_DATA PROVIDED_
--------------------------------

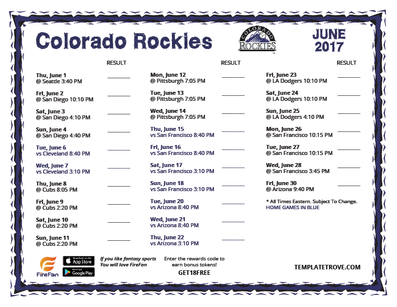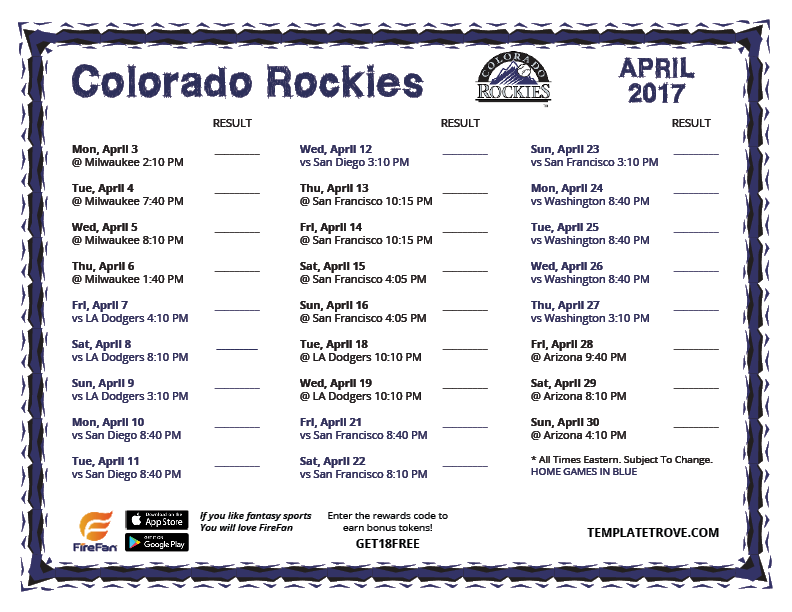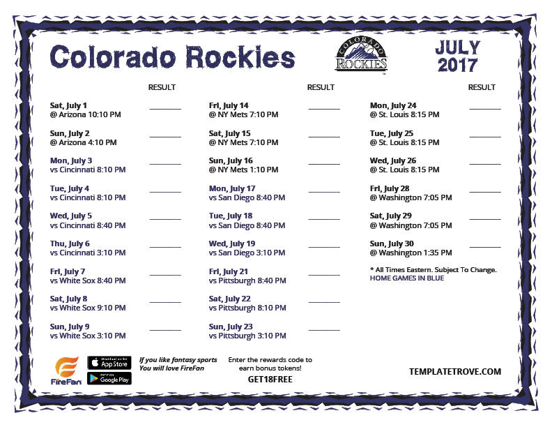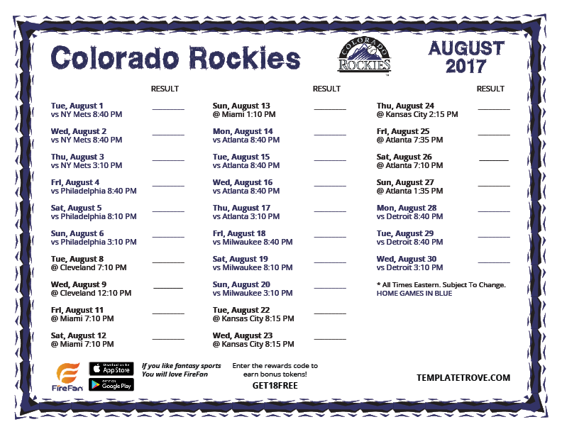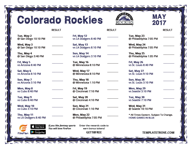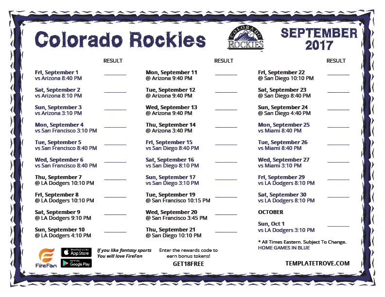 Keep up with the 2017 Colorado Rockies with our handy printable schedules.
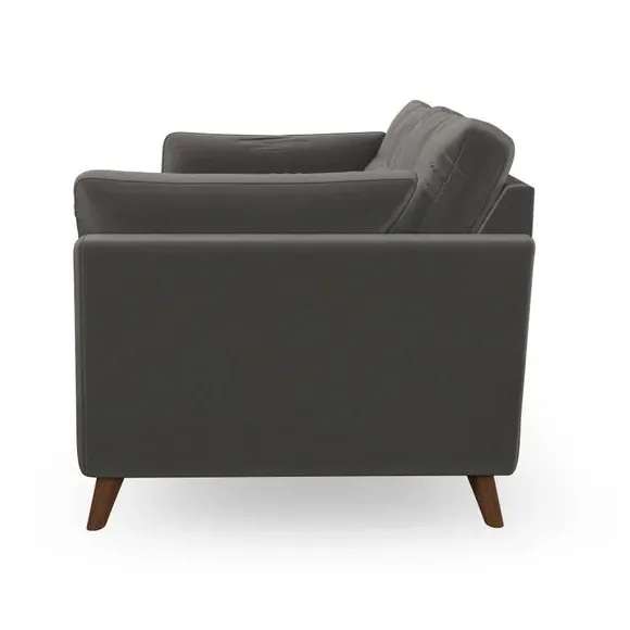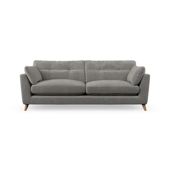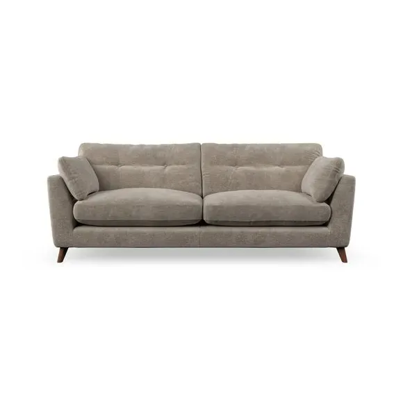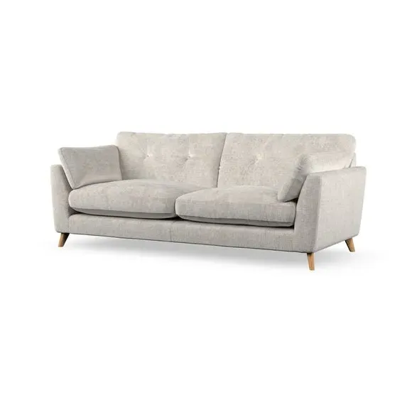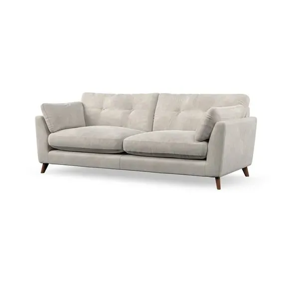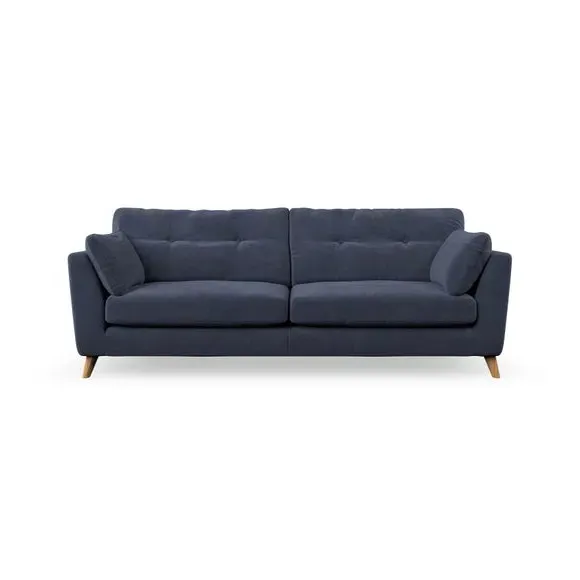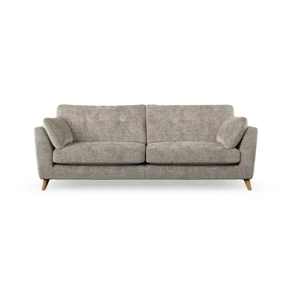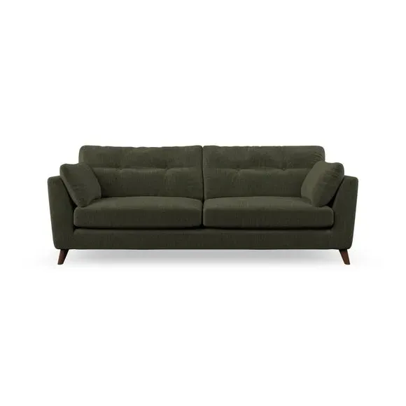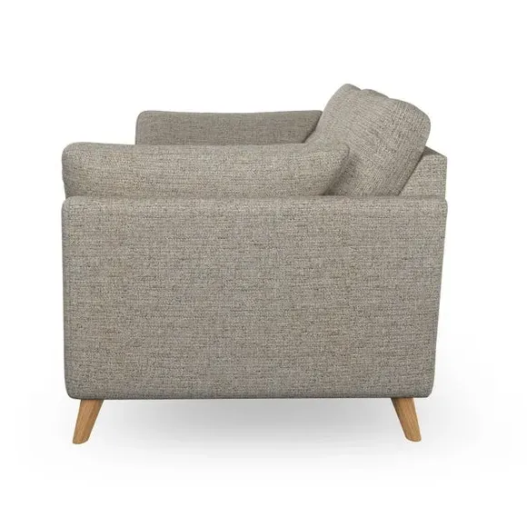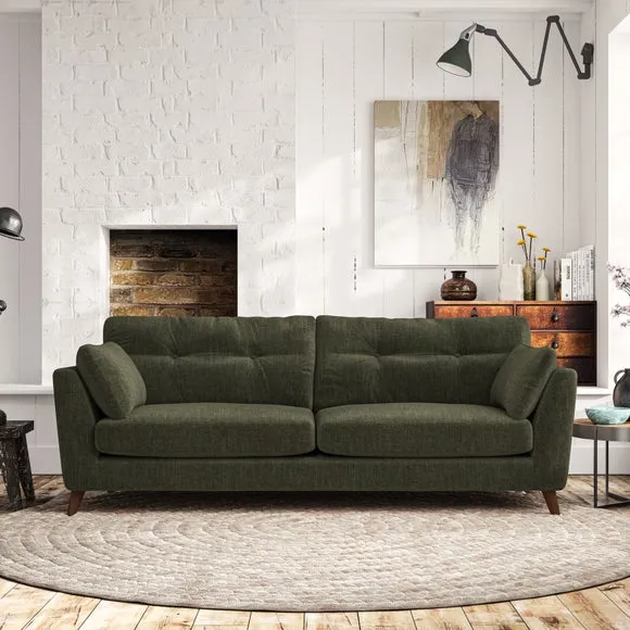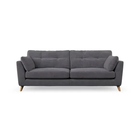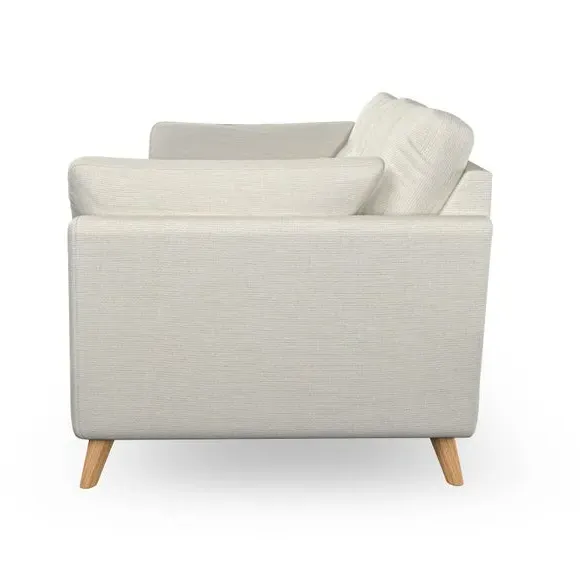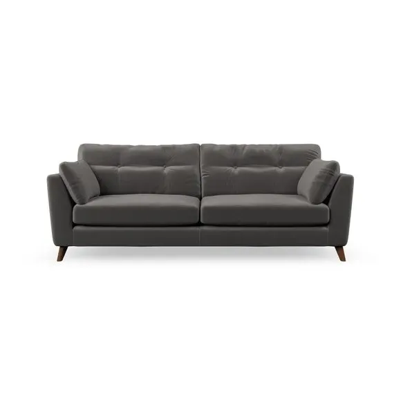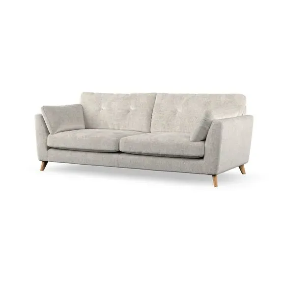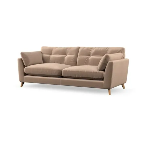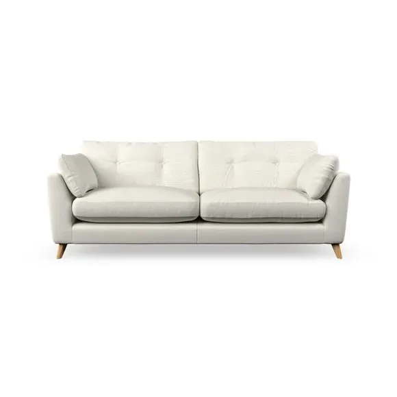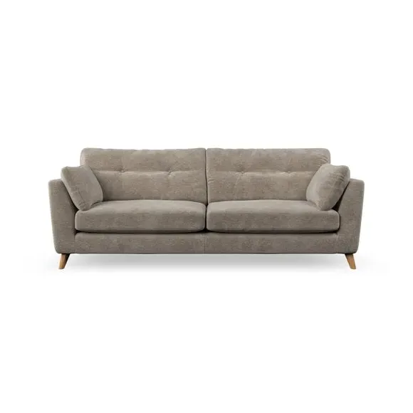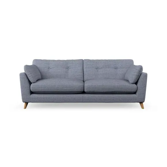 * Mid-century style* Pillow top arms* Button pull details* Choose fabric type, leg colour and cushion filling With its high legs and plush fibre-filled arm pads, this sofa combines sleek design with an inviting feel. Button-pull details on the supportive, fibre-filled back cushions add a touch of refinement, while the higher back cushions provide excellent support for your back and shoulders. Customise your Peyton sofa by choosing between a low-maintenance foam seat or a more relaxed 'Qualofill Blue' fibre seat for a softer sit. Built with serpentine seat springs for durability and long-lasting comfort, this sofa also features splayed hardwood legs available in two finishes for a personal touch.
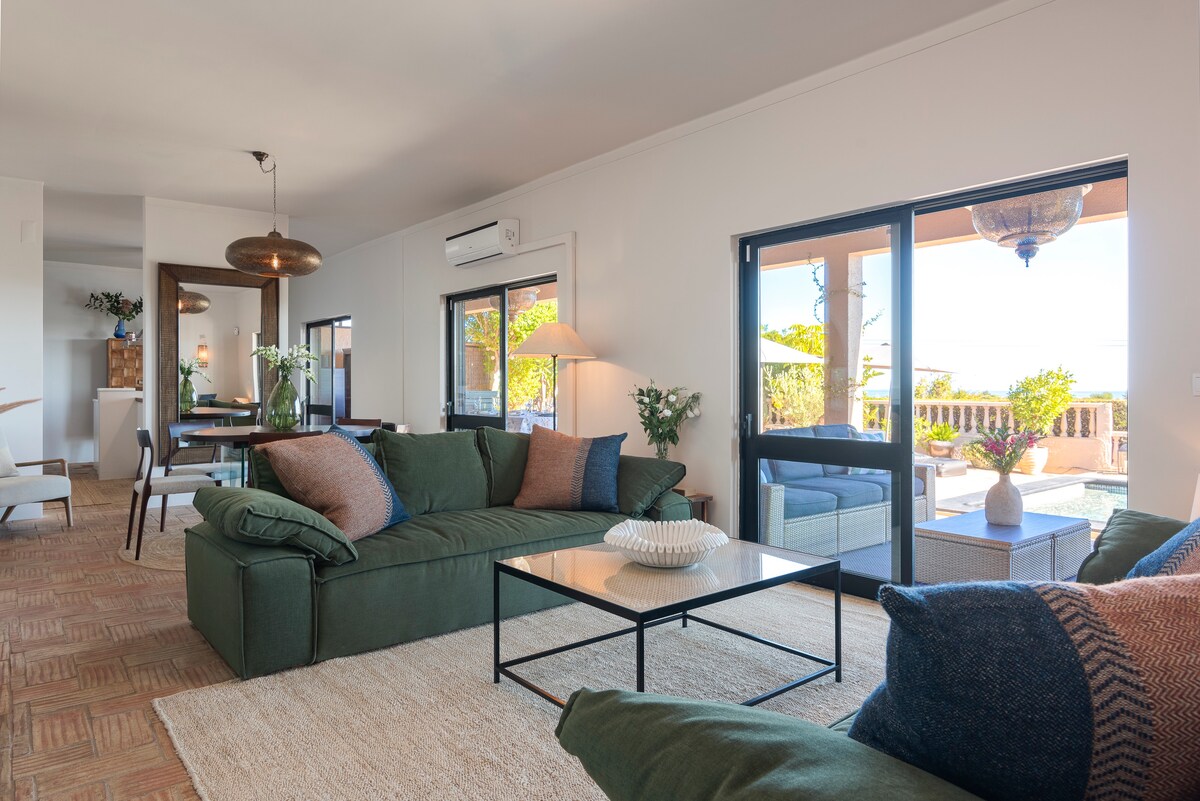 SPECTACULAR OCEAN VIEW three bedroom three bath en suite property only a five minute drive to Tavira town center. Truly, a magnificent sanctuary by the sea settled on top of the hill overlooking the beautiful expanse of orange groves and the Atlantic. Tastefully decorated with high-end furniture, made in Portugal, Bali, India and Morocco. Heated saltwater pool all year round as well as an expansive backyard with 1000 square meters of indoor outdoor space including gas Fire Pit, sauna and Jacuzzi

--------------------------------

_TASK GOAL_
Pictures stay out; everything else in the listing above gets repeated exactly.

_REPLY_
 Keep up with the 2017 Colorado Rockies with our handy printable schedules.
 * Mid-century style* Pillow top arms* Button pull details* Choose fabric type, leg colour and cushion filling With its high legs and plush fibre-filled arm pads, this sofa combines sleek design with an inviting feel. Button-pull details on the supportive, fibre-filled back cushions add a touch of refinement, while the higher back cushions provide excellent support for your back and shoulders. Customise your Peyton sofa by choosing between a low-maintenance foam seat or a more relaxed 'Qualofill Blue' fibre seat for a softer sit. Built with serpentine seat springs for durability and long-lasting comfort, this sofa also features splayed hardwood legs available in two finishes for a personal touch.
 SPECTACULAR OCEAN VIEW three bedroom three bath en suite property only a five minute drive to Tavira town center. Truly, a magnificent sanctuary by the sea settled on top of the hill overlooking the beautiful expanse of orange groves and the Atlantic. Tastefully decorated with high-end furniture, made in Portugal, Bali, India and Morocco. Heated saltwater pool all year round as well as an expansive backyard with 1000 square meters of indoor outdoor space including gas Fire Pit, sauna and Jacuzzi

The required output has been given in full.